Magnetic stimuli-responsive delivery of BMP-2 and SDF-1α from two compartment hydrogel system to recruit mouse mesenchymal stem cells (mMSCs). (Reproduced with permission from Madani et al. 2020.) (a) Images of two compartment magnetic-responsive gels. (b) Cumulative SDF-1α release from outer compartment of gel. (c) Magnetically triggered delayed delivery of BMP-2 from inner compartment of gels and its effect on 2D cell culture at 14 days. (d) ALP activities at 14 days. **Indicates statistically significant difference (p < 0.01)

6 Conclusions

Polymeric materials and nanomaterials fabricated from both natural and synthetic polymers have been employed as drug delivery carriers to enhance bone regeneration. Advancement in polymer engineering has resulted in the development of diverse polymeric structures and smart drug delivery systems capable of tunable local delivery of growth factors/drugs to the defect site along with providing an ECM-mimicking structure to support cell growth and infiltration to enhance the osteogenic outcomes. Growth factor/drug-loaded polymeric systems, like polymer-drug bioconjugates, nanoparticles, microparticles, micelles, nanofibers, hydrogels, polymeric scaffolds, multicomponent polymeric systems, and 3D-printed scaffolds, have shown promising results both in vitro and in vivo. The smart polymeric systems have been also used for the on-demand release of growth factors/drugs upon exposure to a stimulus. Advanced drug-loading techniques, like core-shell nanofibers, microparticles in hydrogel systems, and layer-by-layer loading, have been employed using different polymer-based systems to control the drug concentration and release kinetics.

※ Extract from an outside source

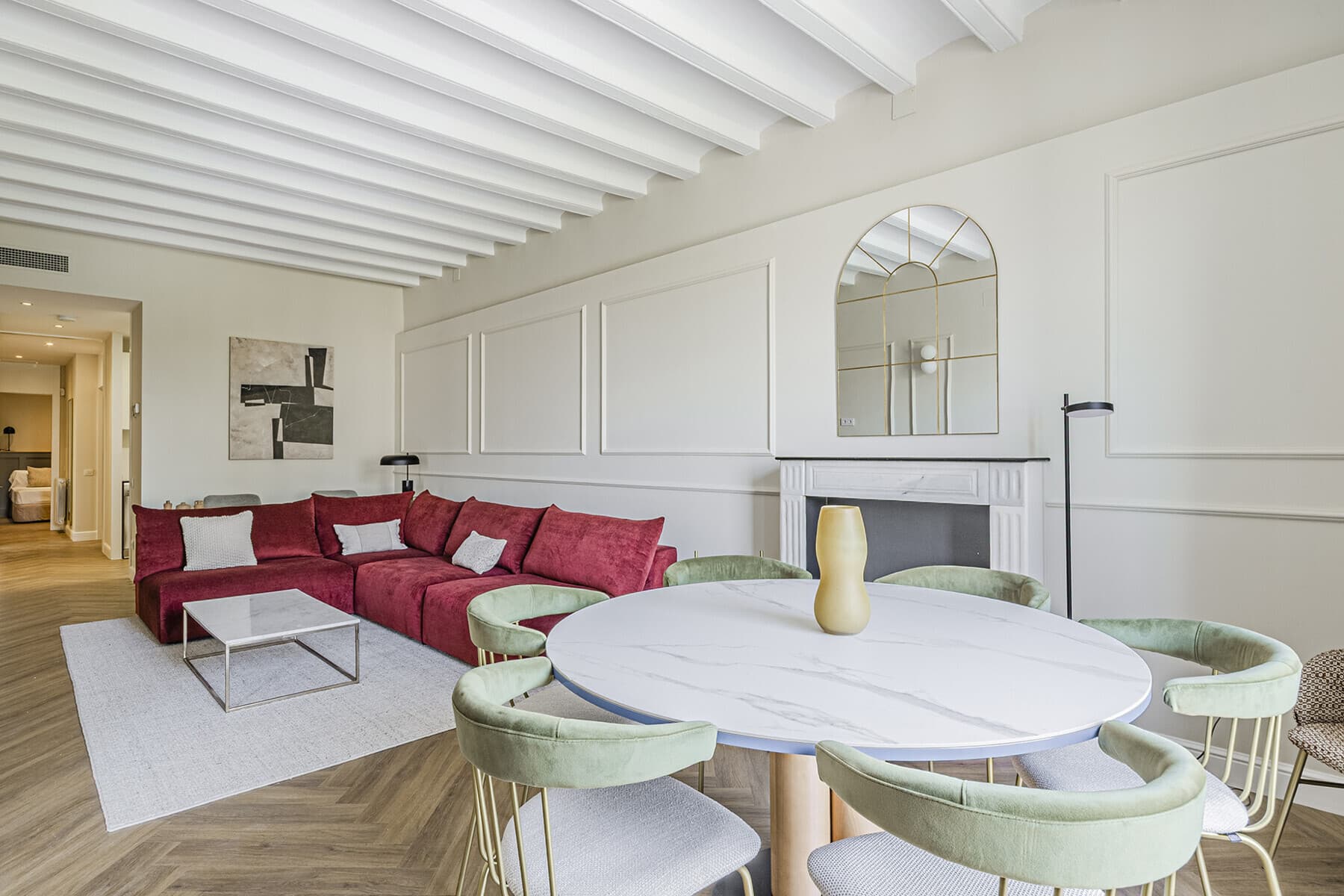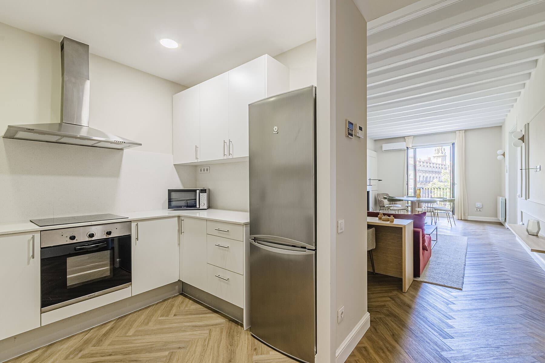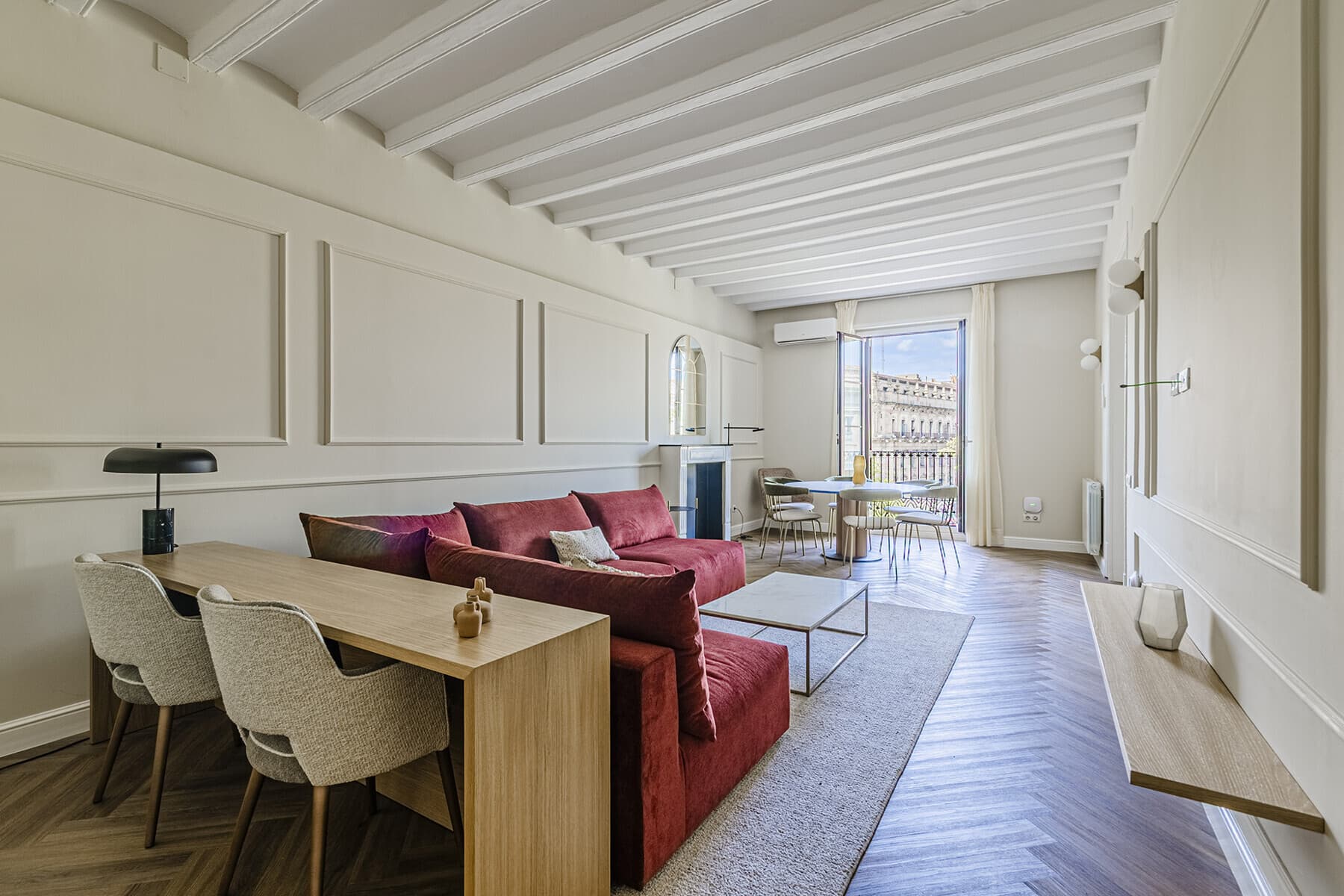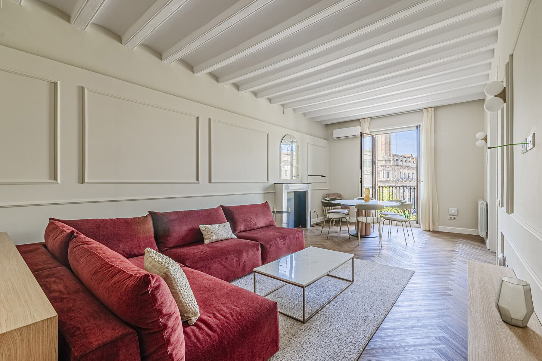 Fabulous and bright apartment of 106 m2 with 3 double bedrooms and 2 bathrooms near Port Vell. Upon entering the property you can appreciate the bright living - dining room with Catalan vaulted ceilings and large balcony overlooking the elegant estates of Via Laietana.

Dual/multiple bioactive factors and their sequential release have been investigated in order to mimic the natural microenvironment and phases of bone healing. Although multifunctional growth factor/drug carriers have been developed to overcome the challenges associated with bone regeneration, the design and development of a carrier mimicking the natural bone healing remains a challenge. Bone healing is a complex process that requires the involvement of multiple bioactive molecules at various phases of healing and, therefore, it is highly desirable to investigate multifunctional and multiresponsive hybrid materials mimicking the bone-healing process to overcome the challenges of bone regeneration. The stability and cost of growth factors also remains another major concern and, therefore, several combinations of angiogenic and osteogenic factors/drugs should be investigated using the biomaterials that can enhance the osteogenic outcomes while reducing the side effects of drugs by providing the controlled/sequential and sustained release. Difference in size and structure of grafts required for different patients or fracture sites require patient-specific customized grafts. Multifunctional and multiresponsive 3D-printed scaffolds must be investigated further for desired outcomes in bone regeneration.